UN MOIS POUR PEAUFINER LES DÉTAILS
« Tout s’est relativement bien passé » commente Julien Gumbs. S’il concède « quelques points à corriger sur du matériel restant à acquérir et des aménagements », il mise sur un fonctionnement régulier de la structure d’ici la fin octobre. Quant aux services vétérinaires, ils vont rendre sous peu leur verdict pour que l’agrément sanitaire provisoire devienne définitif.
Mais à quelle cadence cet abattoir va t-il fonctionner, sachant que Saint-Martin ne compte qu’une trentaine d’éleveurs enrôlés à la CCISM ? Certes ce type d’installation n’est jamais rentable.

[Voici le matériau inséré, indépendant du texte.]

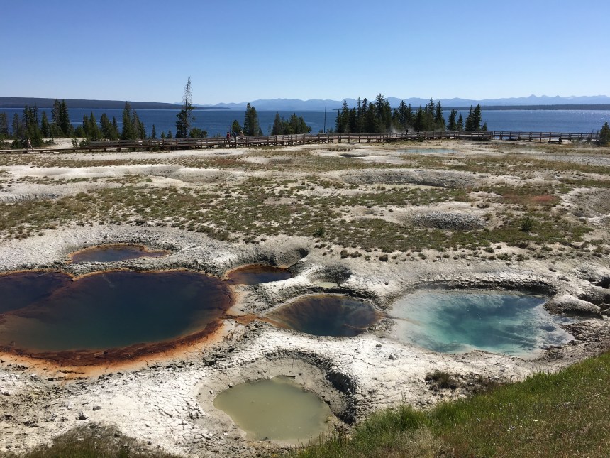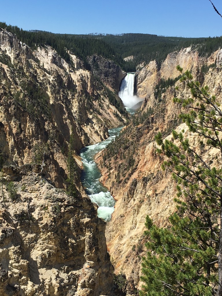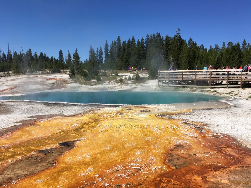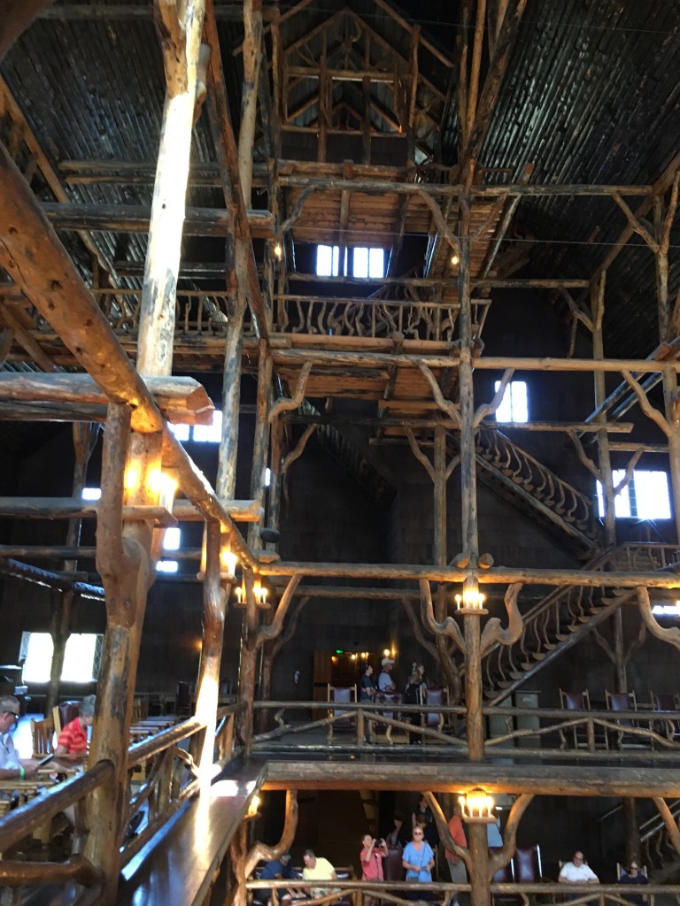 Yellowstone was awesome! Even though it was an 11 hour bus tour (ahhhhh!!!!), we saw buffalo, elk, geysers, mudpots, painted valley, waterfalls, Old Faithful Inn, and enjoyed a plastic cup of white wine on the balcony while watching Old Faithful do it’s spouting thing. It was a great day even if it was tiring :). We got back to camp, had dinner, and went to camp where I promptly went to sleep and Marty ran into Scottie Jim :).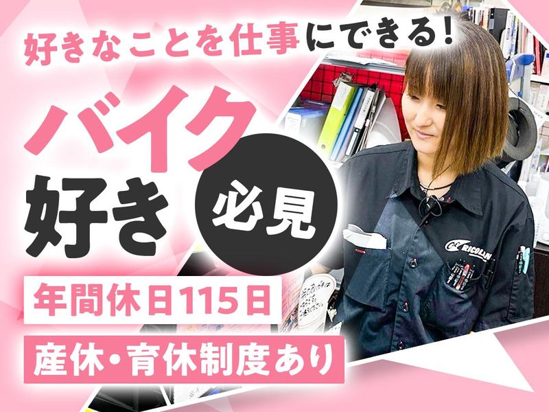 仕事内容 *\“好き”を仕事に!/ 接客やオシャレも楽しめる♪ バイク用品専門店で働こう!* ✦・┈┈┈┈┈┈┈┈ ・✦ バイクにちょっと興味がある… そんな気持ちがあれば大歓迎! 未経験からでも安心して始められる環境で、 趣味や好きを活かしてキャリアアップ♪ ✦・┈┈┈┈┈┈┈┈ ・✦ ◇どんなお仕事?◇ バイク用品やアパレルの販売・接客のお仕事です♪ 流行のアイテムや最新モデルにも触れられて、 毎日楽しく働けます! <具体的には…> ・お客様へのご案内・レジ業務 ・商品のレイアウトやディスプレイづくり ・電話応対やカンタンな受付対応 ・品出し、在庫管理 など ◇未経験でも安心スタート!◇ 「バイクの知識がまったくなかった」という女性スタッフも今は大活躍中! 先輩がしっかりサポート&研修制度もバッチリ◎ わからないことはすぐに聞ける雰囲気です♪ ◇おしゃれも楽しめる!◇ 制服あり&ヘルメットやバイクアパレルにも詳しくなれる! 社割を使って、自分好みのアイテムもお得にGET♡ ◇スキルアップも応援!◇ ・販売スキルが自然と身につく♪ ・資格取得支援制度あり ・商品知識を深める研修も充実! *<働きやすさのPOINT>* ◇年間休日115日/週休2日制! プライベートも大事にしながら働けます◎ ◇残業は月10h前後で少なめ! 毎日ゆっくり自分時間も♪ ◇産休・育休制度あり! ライフステージが変わっても長く活躍できる♪ ◇女性スタッフも多数活躍中! 店舗には20代~30代のスタッフが多く、仲が良いのも魅力! ▽先輩インタビュー(28歳・入社3年目) 「バイクが好き…でも知識ゼロでスタート。 でも先輩がすごく優しくて、少しずつできることが増えていきました♪ 今ではお客様とバイク談義で盛り上がれるのが楽しい! 『ありがとう』って言ってもらえると本当に嬉しいです。」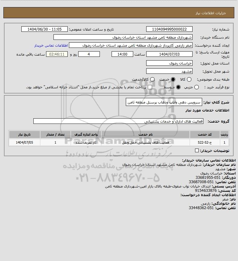 نام دستگاه خریدار:شهرداری منطقه ثامن مشهد استان خراسان رضوی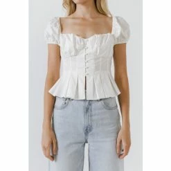 Stand out at your next special event in this stunning corset top. A timeless classic, this corset top is updated with modern details. From the pretty short puff sleeves to the front button closure, this top is sure to turn heads. Perfect for any formal occasion, this white corset top adds a touch of elegance and sophistication.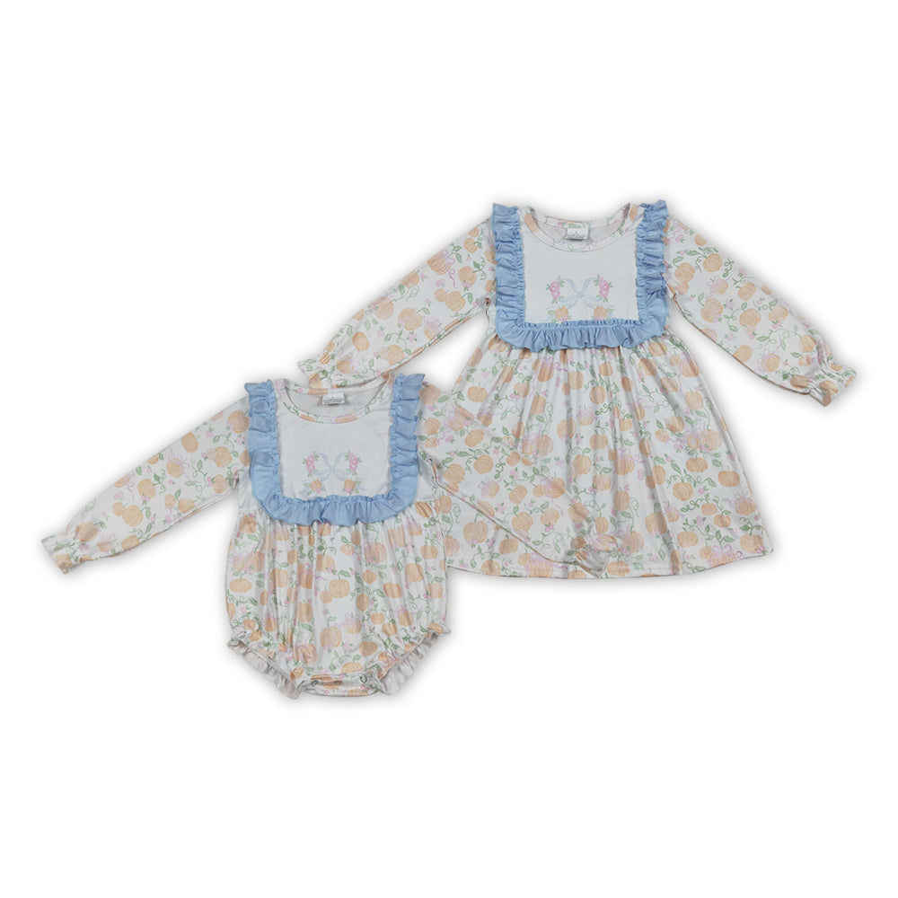 Pumpkin Flowers Print Girls Fall Clothes Sisters Matching Wear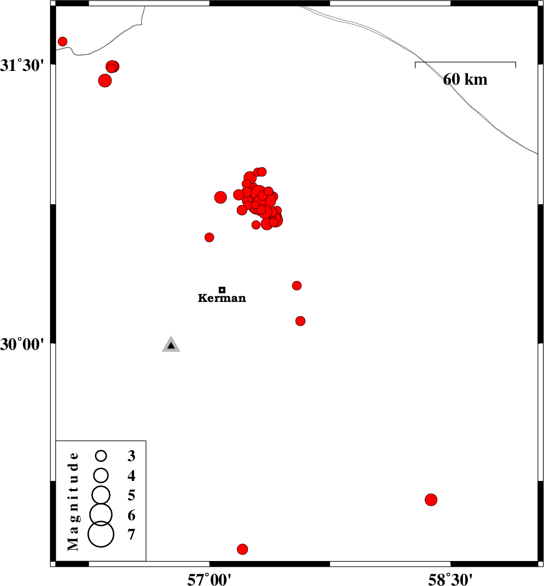 | 2018/01/28 | 05:59:54.8 | 09:29:54.8 | 30.715 | 57.42 | 14 | ML2.5 | Kerman Province, 58 km North-East of Kerman | ||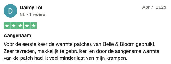 De Belle & Bloom warmer patch biedt directe, langdurige warmte om krampen te verlichten en gespannen spieren tijdens je menstruatie te ontspannen.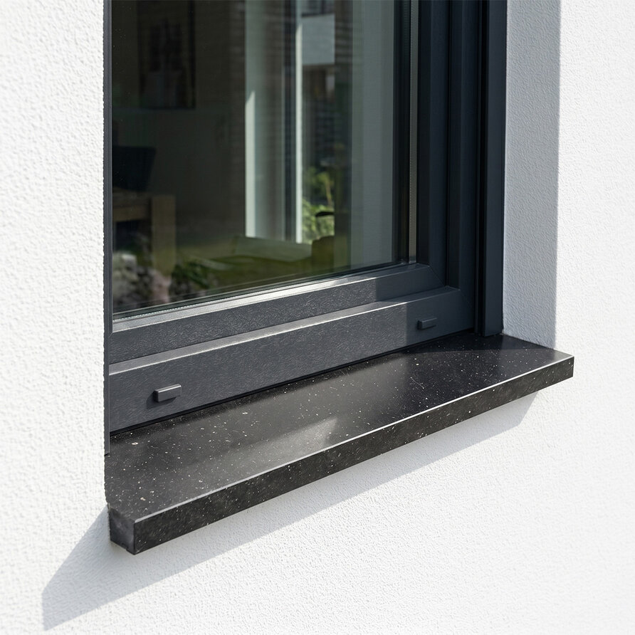 Raamdorpel vlak marmercomposiet - Arduin look (donker) - gepolijst - 3 cm dik - OP MAAT - Waterkering / dorpel raam met waterhol - raamtablet / vensterbank buiten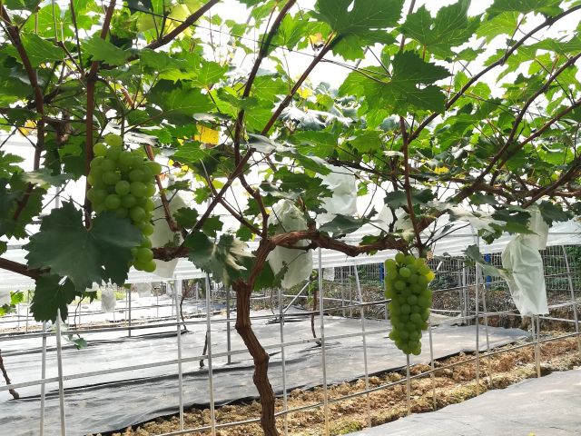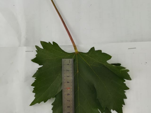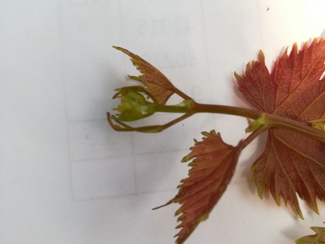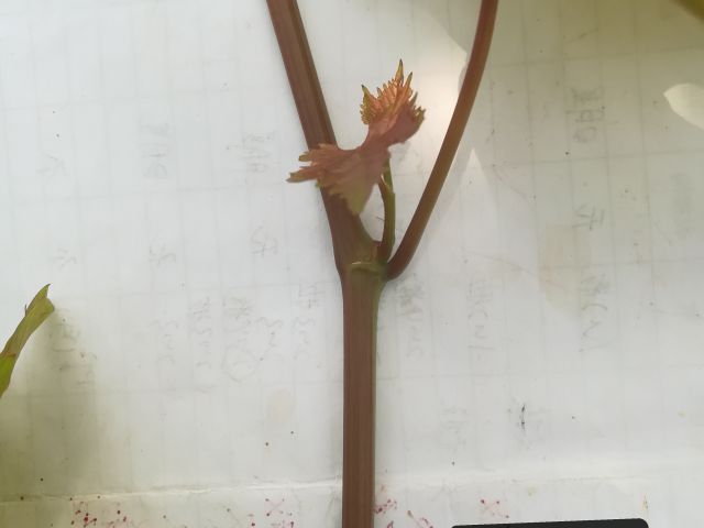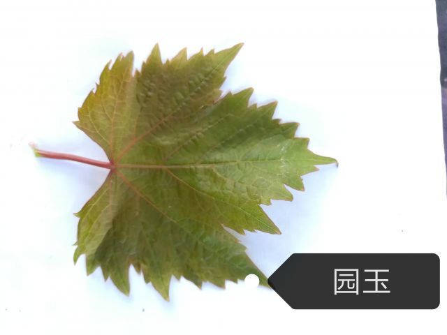 新稍梢尖颜色为红棕色,幼叶颜色为黄绿色,成熟枝条颜色为红褐色,成龄叶形状为楔形,裂片数为5裂,花器类型为两性花,果穗基本形状为圆锥形,有岐肩,有副穗。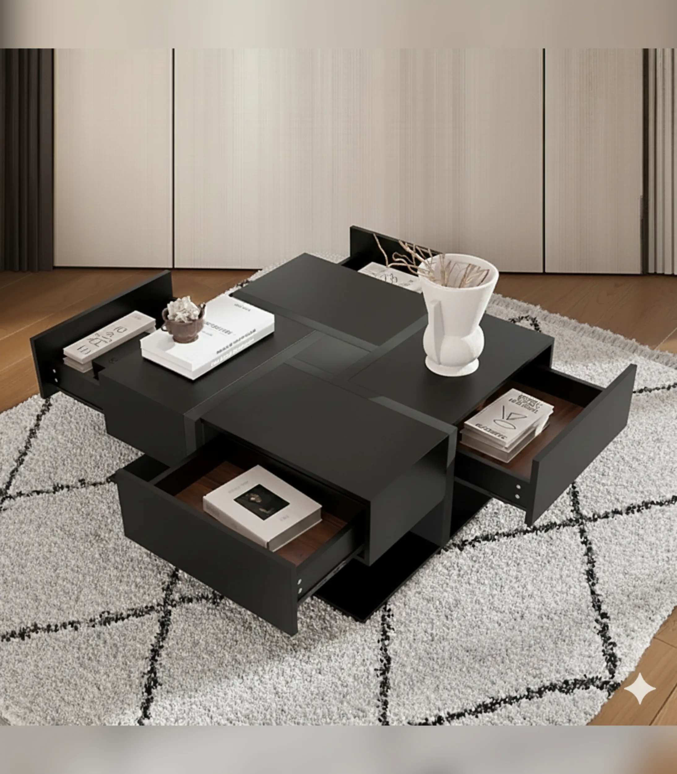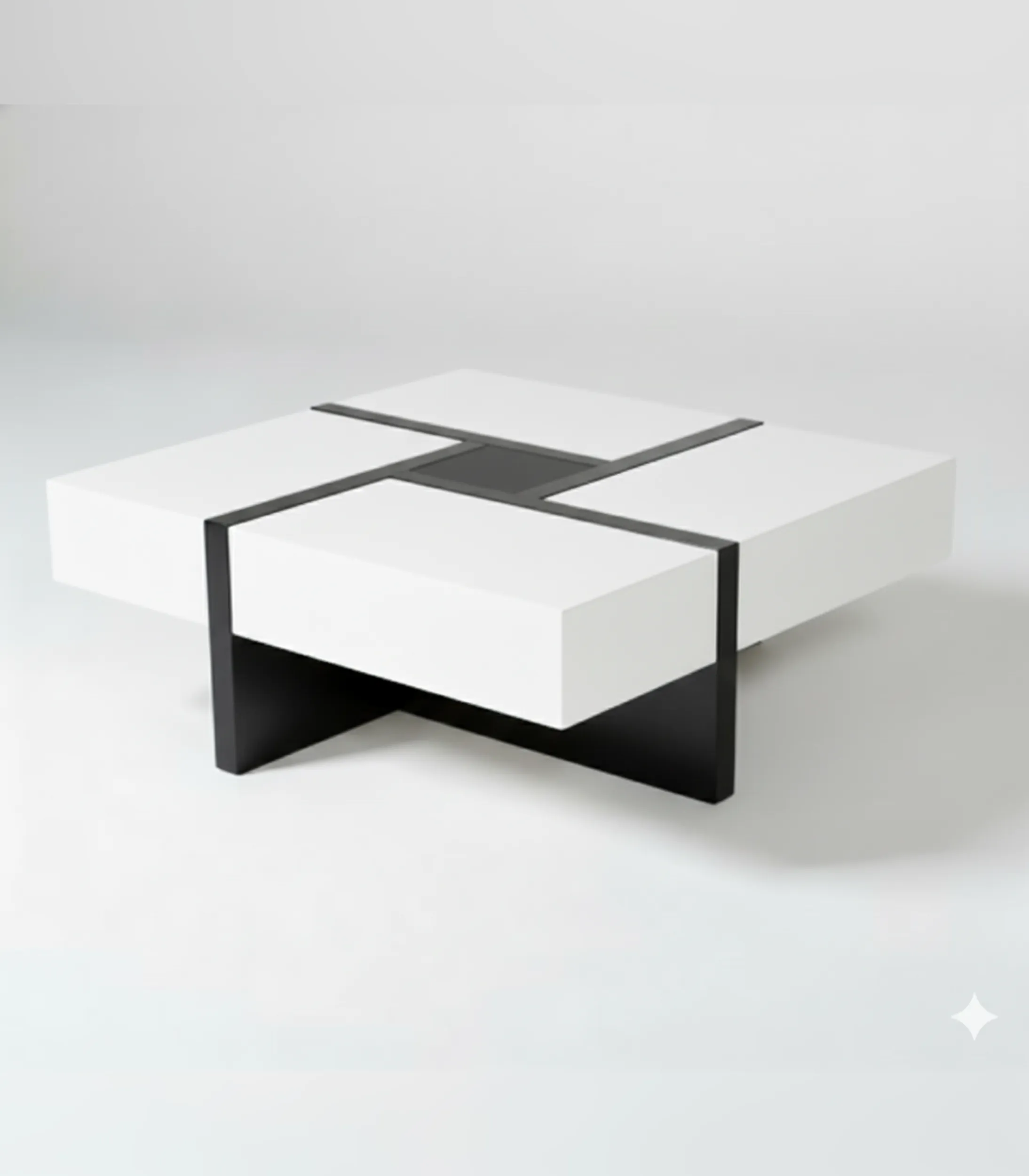 Revitalize your living room with The Quadra Flow Table, a revolutionary piece of home furniture that blends geometric art with ultimate utility. This 90cm square coffee table features a unique four-way drawer system, offering unparalleled storage and a striking modern silhouette in white, black, or brown finishes.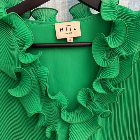 Hiil Studio bluse for dame i størrelse 42. Blusen er i blå bomull med vertikale striper i kontrastfarger. Den har rund hals med lett volangkant og knappestolpe foran med perleknapper. Lange ermer med mansjetter og knapper. Passer til hverdagsbruk eller mer formelle anledninger, og kan kombineres med både bukser og skjørt.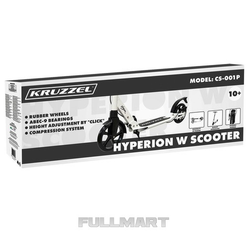 СПЕЦИФИКАЦИЯ - цвет: черно-белый; материал: алюминий + резина; 2 тормоза: дисковые и подкрылковые; колеса: резина; подшипники: ABEC-9; нога: да; отражатель: на заднем крыле; диаметр колеса: 20 см; размеры: 97 х 37 х 105 см; размеры платформы: 37 х 14 см; регулировка высоты: от 90 до 105 см; вес: 6,5 кг; вес в упаковке: 7 кг.
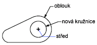 Následující příklad použije hodnotu rad s příkazem KRUŽNICE. Poloměr nové kružnice má hodnotu dvou třetin poloměru vybrané obloukové části křivky:

Mais à moins d’un vrai développement des cheptels, celui-de Saint-Martin aura un véritable défi à relever. Tous fonds confondus, il a représenté un investissement de 1,07M€.
 
 
L’abattoir ouvert à la population le 3 octobre
 
Le samedi 3 octobre l’abattoir sera ouvert à toute la population entre 9 heures et 12 heures. Point phare de la visite : au terme de 10 jours de maturation la viande issue de l’abattage test réalisé ce jeudi sera cuisinée et proposée à la dégustation. Un événement destiné à faire la promotion de cet abattoir et des produits qui en sortiront. Car maintenant, il faut bien qu’il fonctionne…
 
 
Abattoir et cuisine centrale feront-ils bon ménage ?
 
L’ouverture de la structure avait été plusieurs fois menacée notamment à cause de la construction (postérieure) de la cuisine centrale qui ne respectait pas la distance minimale de 100 mètres imposée entre un abattoir et tout autre bâtiment. Le dossier avait d’ailleurs été sérieusement suivi par l’ex-préfet Philippe Chopin et plusieurs tours de passe-passe administratifs avaient été nécessaires. Au final, des aménagements structurels ont été apportés afin de pouvoir rendre fonctionnel l’abattoir de Saint-Martin, dont la construction de murs visant à maîtriser les conditions sanitaires (cf galerie photos).